AFP/Singapore

A group of bloggers yesterday urged Singapore’s media regulator to rescind an order to shut down a website accused of fanning anti-foreigner sentiment, calling it a “brutal attempt at censorship”.
The Media Development Authority (MDA) on Sunday ordered Singaporean Yang Kaiheng, 26, and Japanese-Australian Ai Takagi, 22, to shut down The Real Singapore online forum (TRS), saying it threatened “public interest, public order and national harmony”.
The FreeMyInternet Movement —comprised of about 50 bloggers as well as the socio-political websites The Online Citizen and Temasek Review Emeritus — described the regulator’s ruling as “arbitrary”.
In a statement it said there were no clear guidelines from the media regulator regarding objectionable content, and called for MDA’s order against TRS to be “revoked immediately”.
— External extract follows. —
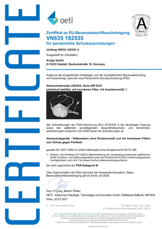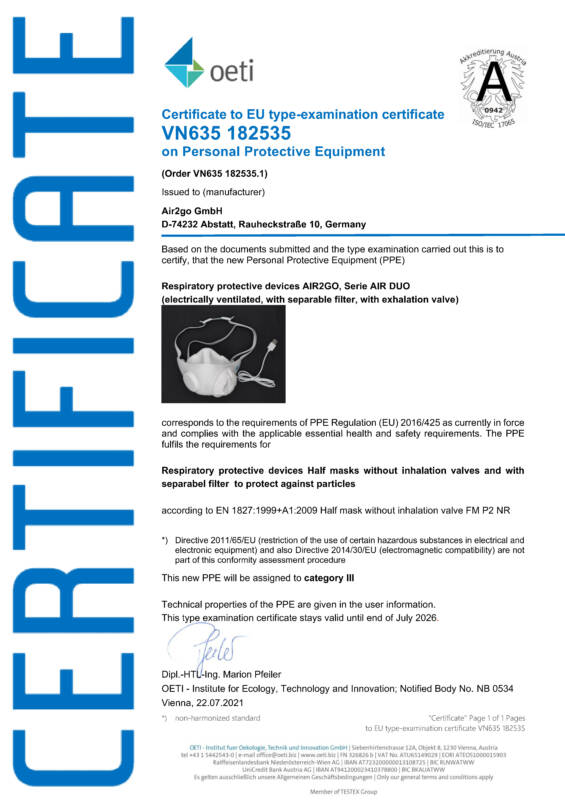 EU Konformitätserklärung AIR DUO + Zertifikat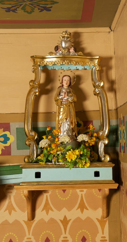Feretron z figurą Najświętszej Marii Panny Niepokalanie Poczętej powstał w XIX wieku.

It also questioned whether it would have been sufficient to ask the website operators to take down the specific articles rather than close the entire portal. Yang and Takagi are facing sedition charges for articles on the website deemed as fanning racial hatred and xenophobia in the labour-starved nation of 5.5mn people, 40% of them foreigners. The portal and its related social media accounts went offline late Sunday after the MDA’s order.
“As it is, we can only view MDA’s action against TRS as nothing short of a poorly conceived and brutal attempt at censorship,” the group said.
The media regulator said Sunday it had suspended Yang and Takagi’s “statutory class licence” to operate the website. It said the website “has deliberately fabricated articles and falsely attributed them to innocent parties”.
“TRS has also inserted falsehoods in articles that were either plagiarised from local news sources or sent in by contributors so as to make the articles more inflammatory,” the regulator said.
The bloggers’ group said that while not all of its members may agree with the website’s content or editorial direction, the reasons given were not enough to shut it down.